Minimum wage and other employment failures alleged at UK Primark suppliers

Monday, January 12th, 2009 - economics, Employer, Employment, Minimum Wage

This evenings BBC Ten O’Clock News will show the result of a five month joint investigation with The Observer into the UK supply chain of high-street retailer Primark, and specifically their Manchester based suppliers TNS Knitwear (which supplies 20,000 garments per week to Primark), and their sub-contractor Fashion Waves.

Following a 2007 Panorama investigation into Primark’s overseas supply chain, what will be shown will probably be looked back in some years as one of the most effective piece of investigative journalism that brings the UK economy out of the recession. Why? Because what it will remove from the economy jobs that exploit workers, and brings closer to the end of the day when the rest of economy is just subsidizing them through a combination of benefits, and insurance premiums to allow for  payout when these modern day workhouses suffer from a Health and Safety failure. The UK economy will only recover on producing products which sell, bought by people with real jobs and produced by people being properly paid in safe conditions.

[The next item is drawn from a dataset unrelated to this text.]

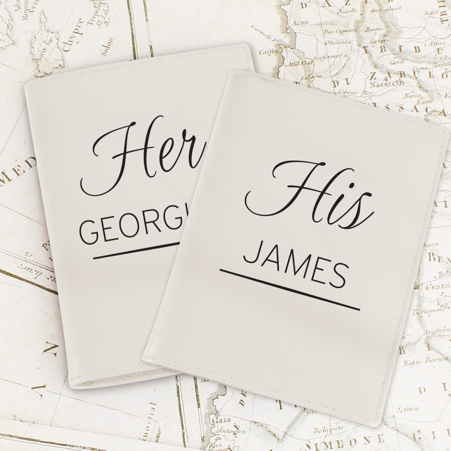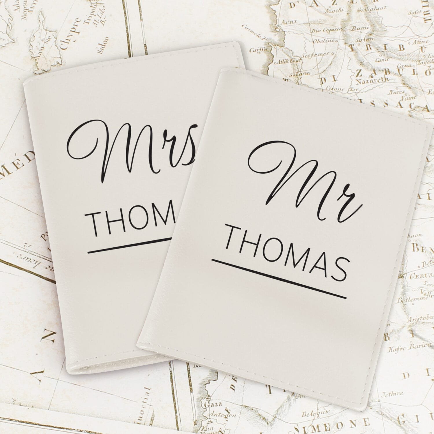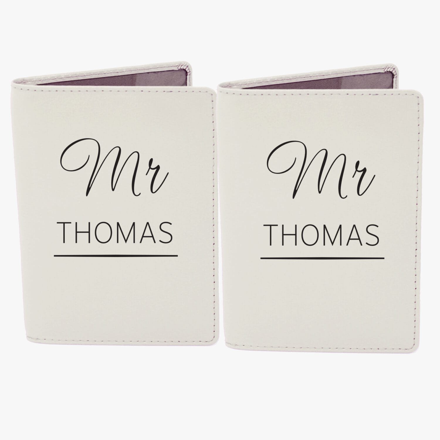 Line 2 (Surname): Automatically formatted in UPPERCASE for a bold finish. - Set Includes Two Holders: Supplied as a pair of cream passport holders, perfect for couples travelling together.

From the early details, the investigation alleges that:

  • TNS employed workers below the National Minimum Wage of £5.75 per hour. They were paid circa £3.50/hr
  • TNS employed illegal workers. One employee admits his visa from Pakistan ran out 8 years ago. Breaches of the appropriate legislation managed by the UK Borders Agency could lead to fines of up to £10,000 for each illegal worker and potential prosecution for tax evasion and employment law abuses
  • The undercover journalist working at both units captures cash-in-hand payments being made, apparently paid without the knowledge of HM Revenue & Customs
  • The premises of both TNS and Fashion Waves were deemed illegal on investigation by the Health & Safety Executive

TNS workers were also asked to work 12 hours a day, seven days a week. Although workers have the option to opt out of the Working Time Directive, the fact the workers are either underpaid or illegal will remove any such opt-out from any legal judgement.

Primark announced on Saturday 10th January that it had launched an inquiry after the journalistic investigation. Primark also said it had handed material uncovered by the investigation to the UK Border Agency.

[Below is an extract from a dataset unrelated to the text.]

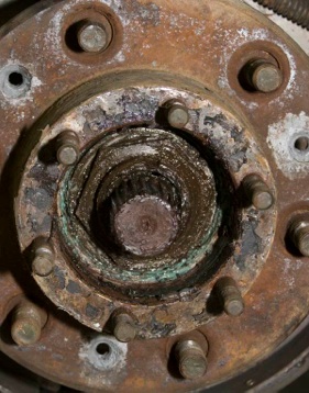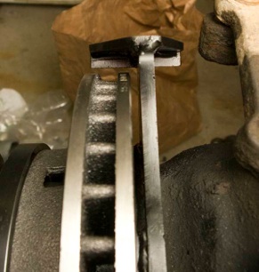 With the rotor securely mounted to your hub, grease and insert your inner bearing into the back side of the hub. Drive the inner grease seal into the hub which captures your inner bearing. Throw some more grease into the bearing cavity. You don’t want to have to pull of the hub again for a long time! Put some grease on your spindle and carefully slide the hub onto the spindle. The inner bearing is sort of just flopping around in there and it may take several tries to get it to slide correctly onto the spindle. It’s a close tolerance fit.

Primark also agreed on Friday 9th January to remove all references to the Ethical Trade Initiative, the trade body that monitors Britain’s top retailers, from its 140 storefronts across England, Scotland, Wales and Northern Ireland. It must also remove ethical branding from thousands of tills and its corporate website while investigations continue.

This case is personally, on a number of fronts, disappointing. Firstly, Ajiri has a policy not to operate in Gangmaster and minimum wage markets for concern for such exploitation of workers. Secondly, having investigated the delivery of non-UK cuisine skilled chefs to UK restaurants, we were stopped from doing so by the UK Borders Agency because of “over supply of labour” – so why have some of these workers been in the UK illegally for over eight years? Thirdly, economics and recovery will not be helped by the UK breaking its own reasonable laws on immigration, pay or working conditions.

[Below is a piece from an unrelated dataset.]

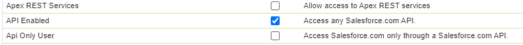 The user used to migrate the data must have the API Enabled permission and to enable this permission the following steps are necessary:

We also asked our friend Ida Horner at Ethic Supplies/Let Them Help Themselves to comment on the ethical trade issues:

I am not surprised that Primark finds itself in this situation. As someone that works alongside textile and handicraft producers in the developing world I can safely say that there is no way a company can churn out that amount /number of garments without someone somewhere being exploited.

In order to comply or call yourself an ethical provider you have to “police” your suppliers to ensure that they subscribe to your ethical agenda. Here at Ethnic supplies we do not work with anyone we have not met and even when our producers are required to prove that the work is there own. We inspect their workshops annually to ensure that for instance child labour is not used.

As we say above, the UK economy will only recover on producing products which sell, bought by people with real jobs and produced by people being properly paid in safe conditions. Anything less is at worst exploitation, and at best false hope for an economic recovery.